I was thinking about Versailles for no reason in particular while reading about the 15,000-square-foot residence of the wealthiest U.S. senator, Kelly Loeffler, and her husband Jeff Sprecher in Atlanta’s posh Buckhead district.
As you may have heard, Loeffler is currently being forced to participate in a democracy in order to defend her patronage seat in the Senate. Democratic candidate Dr. Raphael Warnock is challenging her, and their race is headed for a runoff Jan. 5.
One darkly humorous attack line from the Loeffler campaign is that Warnock, a pastor who grew up in public housing, is out of touch with the concerns of common people.

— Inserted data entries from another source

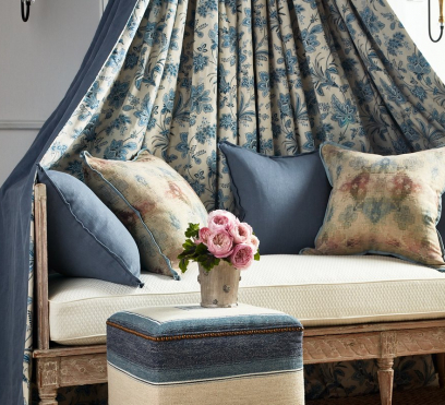 Эта живая и энергичная ткань для штор была разработана на основе классического английского дизайна 18-го века. Этот документальный цветочный принт, напечатанный на льняной / хлопчатобумажной ткани, доступен в 2 цветах: классический синий и эффектный коричневый.
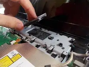 После того как все винты из серебряной панели и дна ноутбука будут удалены, аккуратно снимите серебряную панель, которая прикреплена к серебристому пластику сверху, с ноутбука.
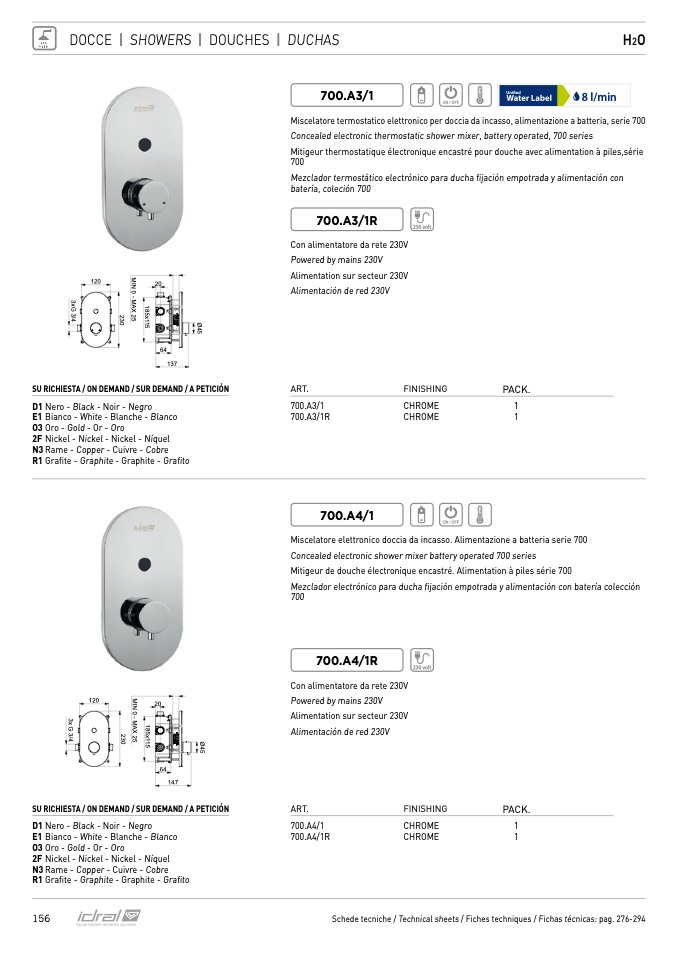 Miscelatore termostatico elettronico per doccia da incasso, alimentazione a batteria, serie 700
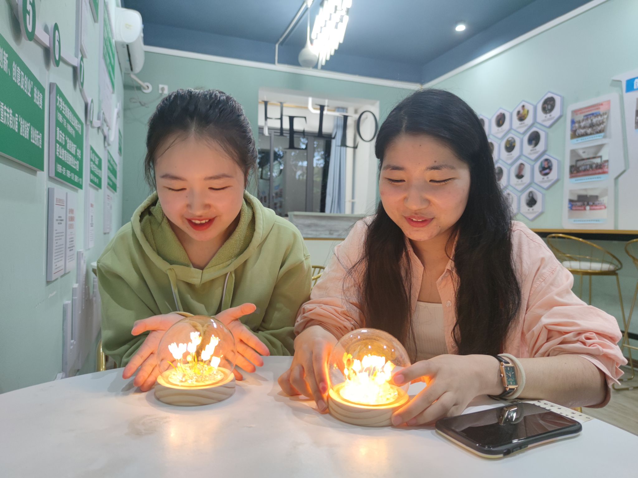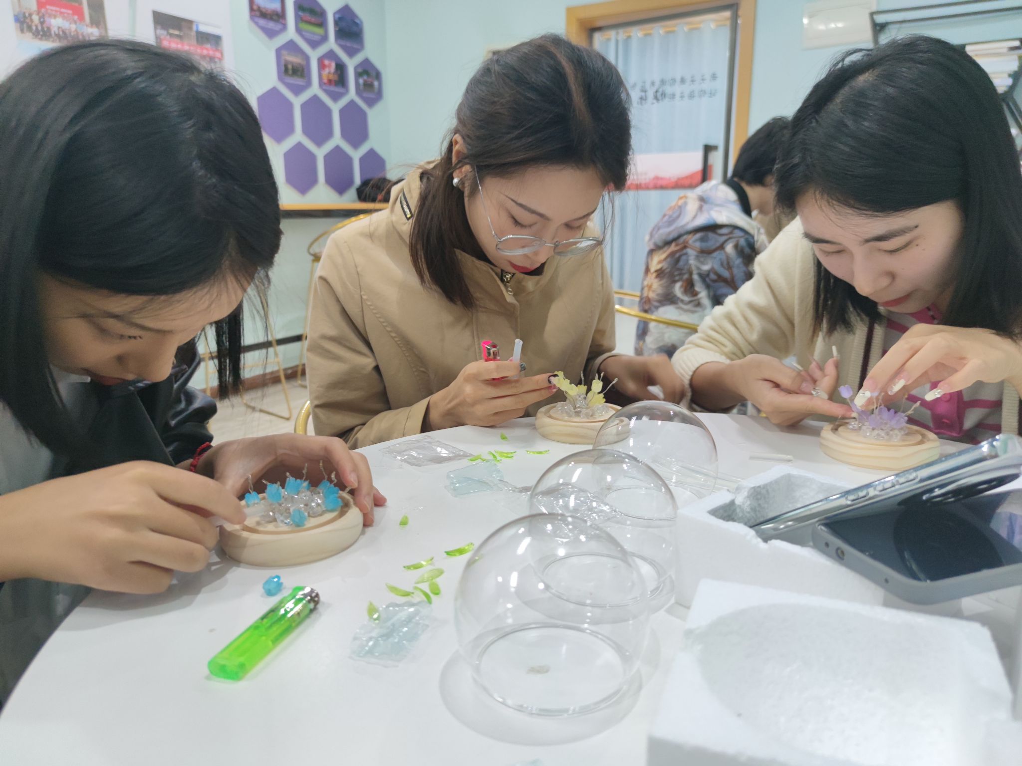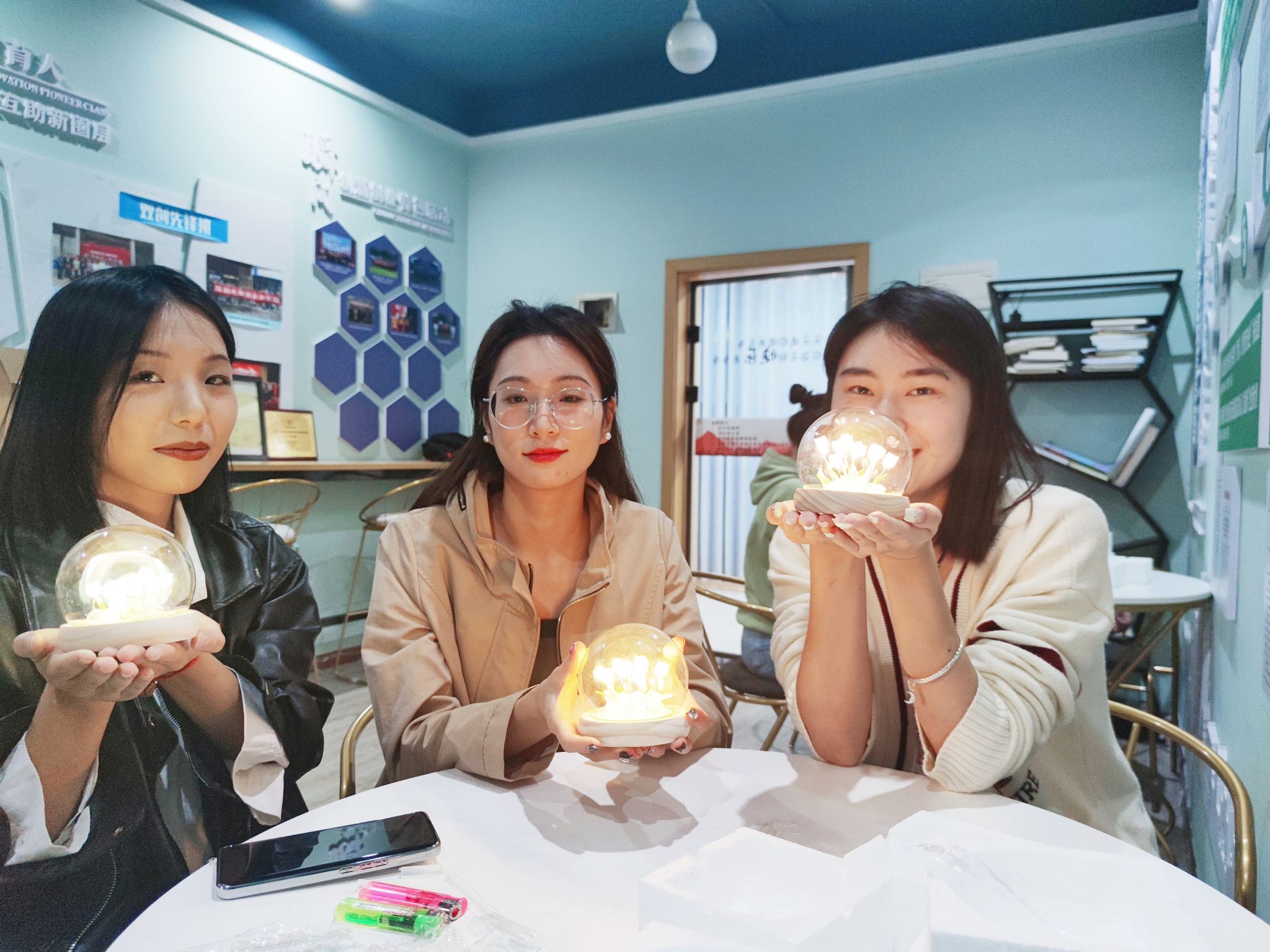 手工制作活动是一种非常受欢迎的放松和娱乐方式,本次手工制作的是郁金香小夜灯,考虑到大家的喜好差异,为同学们选择了不同颜色的郁金香。虽然有制作教程视频,但实际操作起来并不简单。同学们拿到原材料后,两三个一组,开始研究具体步骤,接着慢慢摸索着动手制作;中途遇到困难时,大家团结协作、互帮互助;在面对自己不太满意的作品时,大家都积极的予以鼓励和赞赏;最终,七位同学都顺利完成了自己的郁金香小夜灯,并开心的和自己的作品合影留念。

“We need someone who understands not just how to write paychecks and sign paychecks but how it feels like waiting on that paycheck,” a Georgia GOP apparatchik said in a late-November campaign ad for Loeffler.
Loeffler’s husband Sprecher made his fortune running a marketplace for power companies to buy and sell energy — the same niche as Enron, incidentally — capitalizing on a market that only existed thanks to massive deregulation of utilities in the '70s, '80s, and '90s.

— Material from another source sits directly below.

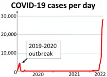 Infection rates increased in 2022, and on 3 April of that year, China reported 13,146 new cases of COVID-19 in the past 24 hours, which was the highest single-day total of new cases since the height of the 2020 outbreak.[14] Following nationwide protests in November and December of that year, the Chinese government relaxed many of its previous restrictions, effectively ending the zero-COVID policy and leading to a massive surge in cases.[15]
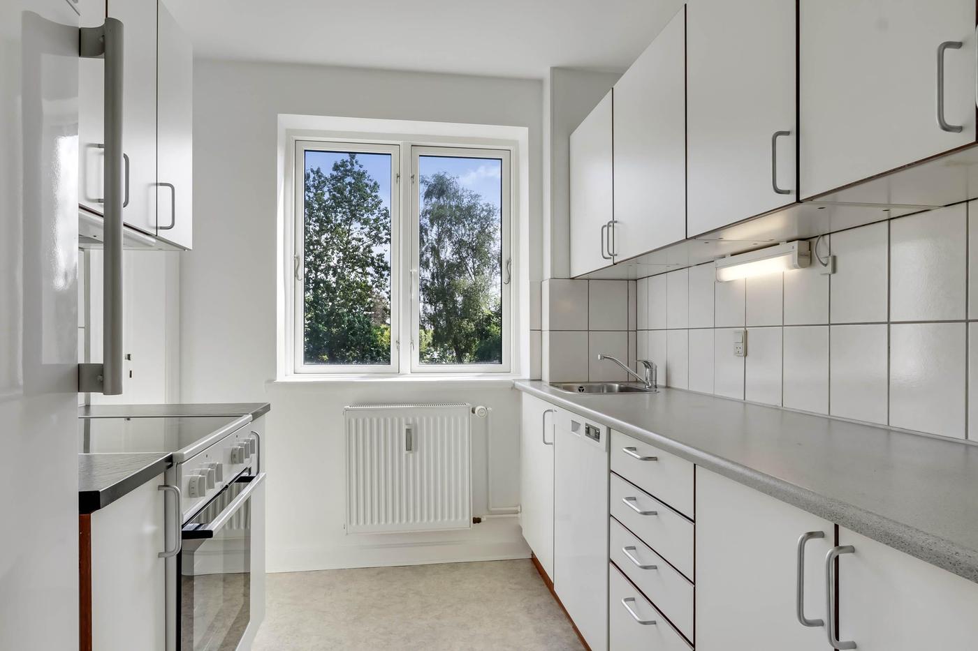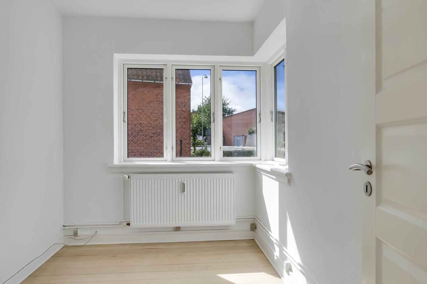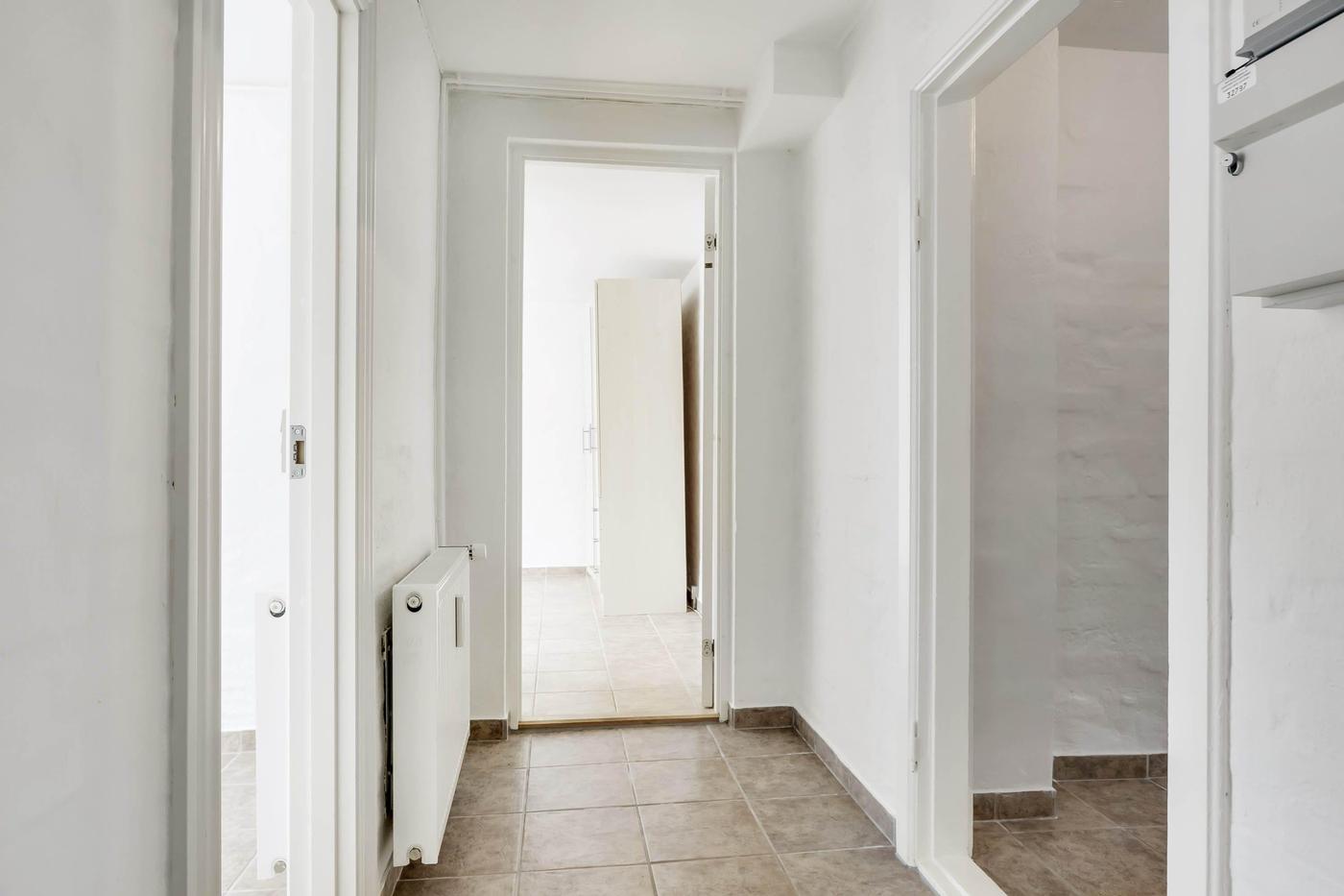 Stuelejligheden indeholder repos med nedgang til kælderen via intern trappe, entre, stor stue, værelse/kontor, soveværelse, køkken, viktualierum og badeværelse. Der er afhøvlede gulve i værelser og stue.

Loeffler worked for her husband’s company InterContinental Exchange, where she helped market a credit default swap clearinghouse in the Cayman Islands in 2009 so that the world’s biggest banks could dodge U.S. taxes while millions of Americans lost their homes due to the subprime mortgage crisis. She kept working for her husband’s company and its subsidiaries until the governor appointed her to a vacant Senate seat in 2019.

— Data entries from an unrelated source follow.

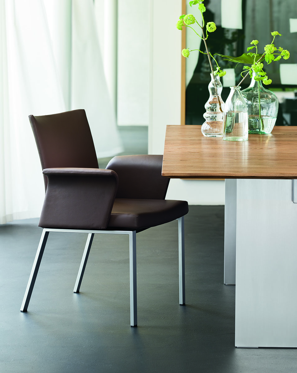Es stehen zwei Armlehnen zur Auswahl. Eine gepolsterte Armlehne aus rechteckigem Stahlrohr in Hochglanz-Chrom oder Mattchrom-farben oder eine voll gepolsterte Armlehne.
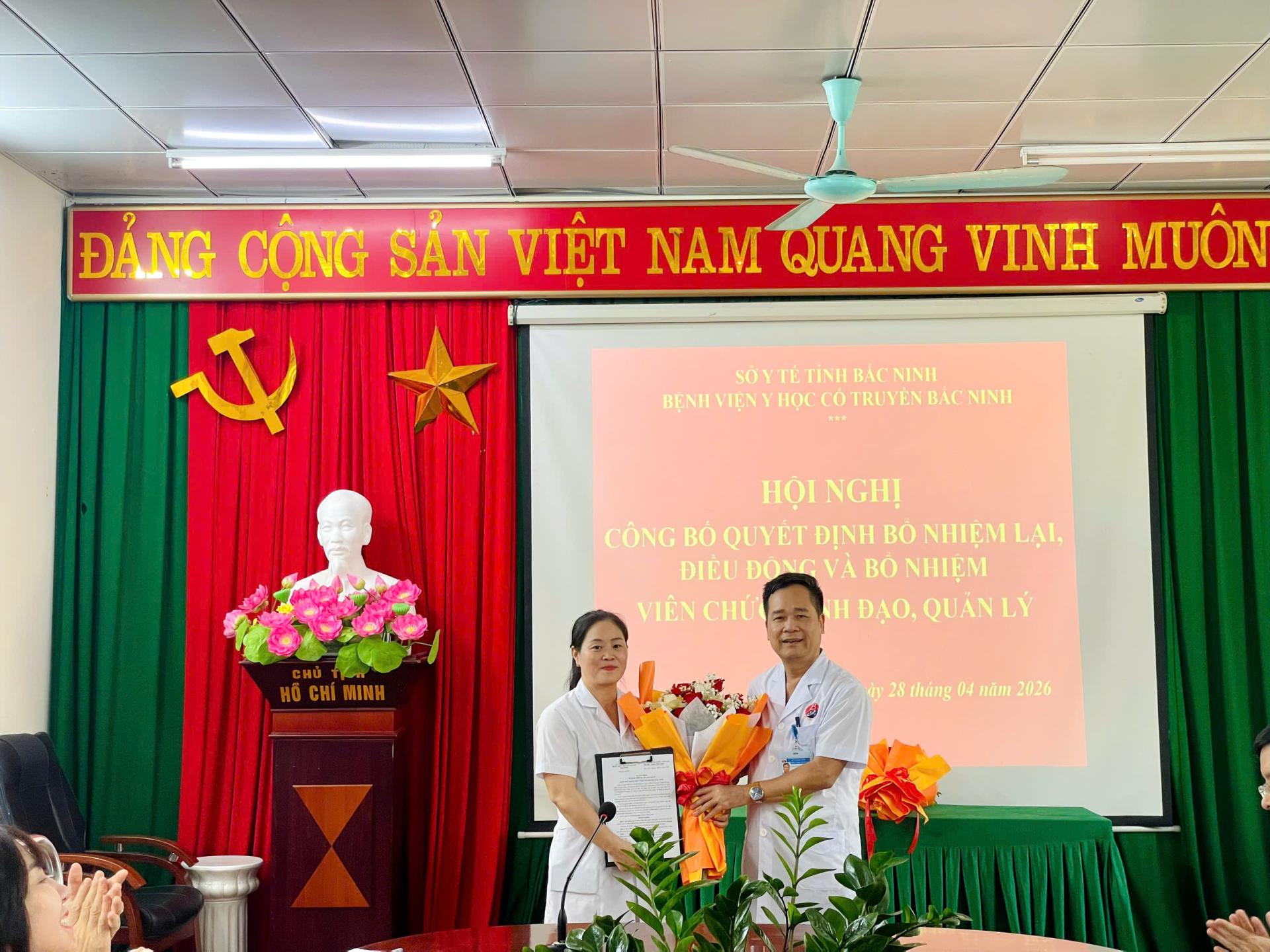 Chiều ngày 28/4/2026, vào lúc 16h00, Bệnh viện Y học cổ truyền Bắc Ninh tổ chức Hội nghị công bố các quyết định về công tác cán bộ, đặc biệt là đội ngũ quản lý điều dưỡng, với sự tham dự của Ban Giám đốc, lãnh đạo các khoa, phòng cùng đông đảo viên chức, người lao động trong đơn vị.
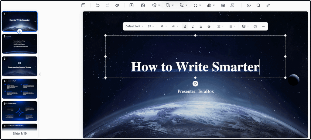 In just a few seconds, the TeraBox AI Presentation Maker will create your presentation. Check it carefully after it is generated. You can alter and personalize your presentation if necessary.

It has been amusing to watch Loeffler cast herself as a down-home woman of the people in this campaign, stumping on front porches in gingham shirts and ball caps. Less humorous has been her turn from a milquetoast Mitt Romney acolyte to an enabler of Donald Trump’s fascistic aspirations, describing herself as “more conservative than Attila the Hun” while rubbing shoulders with QAnon loonies.
Anyway, Loeffler’s mansion has a name, and it’s called Descante. It’s in a neighborhood called — I kid you not — Tuxedo Park.
The home has no historic value except for the bits its builders imported from Europe. The soap opera writers Bridget and Jerome Dobson had it built in 1997 with no apparent nods to local history, the north Georgia natural landscape, or the last century of architectural thought. While no doubt well-constructed, aesthetically it’s a dead-ender’s anachronism with all the subtlety of a Cheesecake Factory.
Here’s a description of the mansion in a 2013 Atlanta magazine puff piece about Loeffler and Sprecher:
Modeled in the style of an old European estate, Descante (as it’s called) is a stucco, steel, and limestone structure that boasts Versailles parquet in the dining room, a library with a secret passage to the living room, and a nineteenth-century pool house from France.
Versailles parquet!
I am hungry for interior photos; online real estate listings give me only scraps. Per the Daily Beast, the home “features lush, spacious grounds, a garage portico imported from Spain, several Renaissance-era European frescoes, and no fewer than nine antique fireplaces.”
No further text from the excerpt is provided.